Part One : How it all began
A. Pick out the elements that used to be part of a normal world and the elements that are the norm now.
| Aspects of normal life | Today’s norm |
| Millions of women have a job. | Apparently not all women work. |
| Banknotes or paper money existed and was widely used for groceries. | Banknotes are obsolete (« can’t buy anything with it », line 7) and are being replaced by plastic cards (« Everything went on the Compubank », line 43). |
| Humour such as signs on cash registers saying « In God We Trust, All Others Pay Cash » was widespread. | Such jokes are banned and considered as blasphemy. This example is reminiscent of Oliver Cromwell’s Protectorate (1649-1660) in England where plays were banned. |
B. what was the turning point between « then » and « now »? Quote the text.
Line 25 : « It was after the catastrophe, when they shot the President and machine-gunned the Congress and the army declared a state of emergency. »
C. Write a short chronology of events.
- Assassination of the President
- Congress is machine-gunned
- State of emergency declared
- Constitution is suspended
- No rioting in the streets
- People stayed at home at night, watching TV and waiting for instructions
- Prolonged state of suspended animation
- Censorship and closure of media
- Appearance of roadblocks
- Identipasses
- Elections postponed
D.
Women or American women
« All those women having jobs : hard to imagine now, but thousands of them had jobs, millions. » (line 1-3) – unemployment of women to guarantee their servitude, loss of women’s rights. The first person narrator-focalizer is a woman. Her friend Moira quotes an expression of the narrator’s mother : »They’ve been building up to this. It’s you and me up against the wall, baby. »
E. Summary
F. What ingredients does the author use to turn normality to dystopia?

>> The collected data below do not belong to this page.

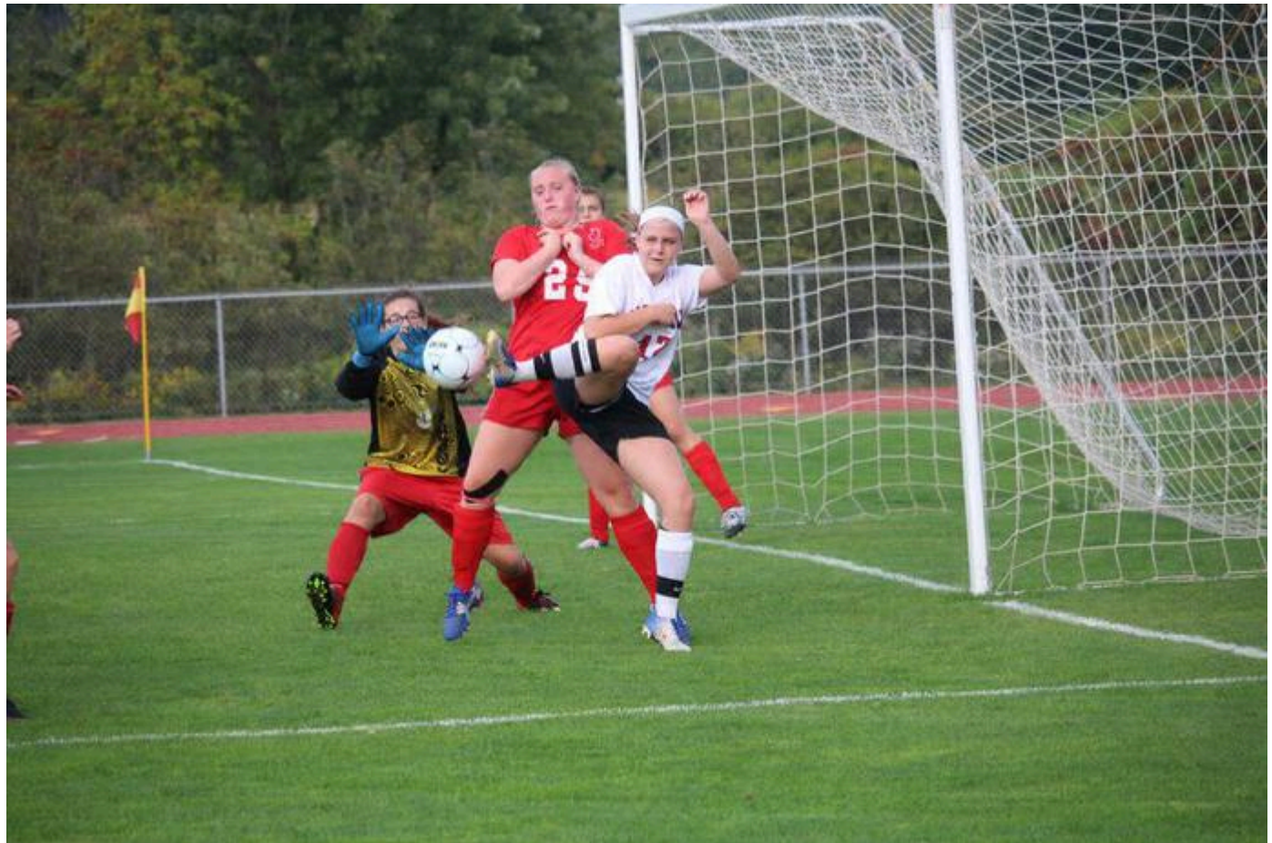
There was plenty of action at the net as the SHS Girls Soccer team scored back to back wins over Laconia High School Friday afternoon/evening. The varsity won 5-1, while the JV's edged out a win 3-2.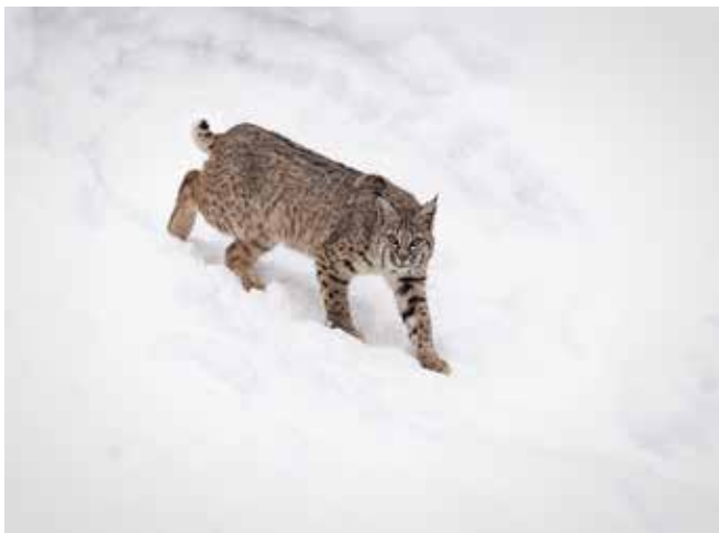
by Judy Graham from Nikhil Bahl's Yellowstone Workshop

photography tour is to take participants to picturesque or culturally significant places, providing them with opportunities to capture unique and beautiful images. These tours are often led by experienced photographers who can offer tips and advice on capturing the best shots, but the focus is more on the destination and the overall experience. Tours are well suited for all levels of photographers.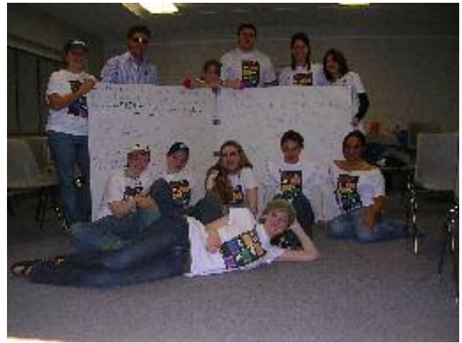
Above Left: Participants take in all the graffiti board has to say Above Right: Those who chose to stick around to break down the board!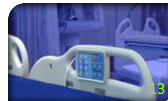
Bed Side Rail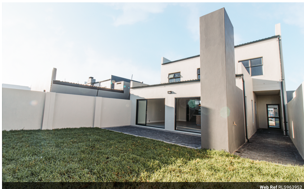
Web Ref RLS963952

Shop G01 Horizon Bay 4 Blaauwberg Service Road Table View Cape Town 7441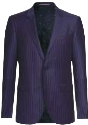
Wool jacket, price on request, Tommy Hilfiger , available at DLF Promenade and DLF Mall of India

- Technology (from papermoney to plastic card, « everything went on Compubank ») and media are used to give further control to the totalitarian power.
- Symbolic violence against democratic institutions (President, Congress, suspended Constitution, media) to establish totalitarianism.
- An invisible enemy (« There wasn’t even an enemy you could put your finger on » (line 38)) and scapegoating some members of society (« Islamic fanatics ») – Similar device as in Orwell’s Nineteen Eighty-Four (1949) where the enemy changes at whim.
- Fundamental rights are deprived (freedom of association/riots, elections postponed, censorship of media, Identipass and roadblocks to control movement)
- Internal focalization of a first-person narrator indicates that freethinking and independent thought are banned.- Comparison between « then » and « now » indicates nostalgia resulting from a life of extreme misery and even uncertainty and hopelessness for the future.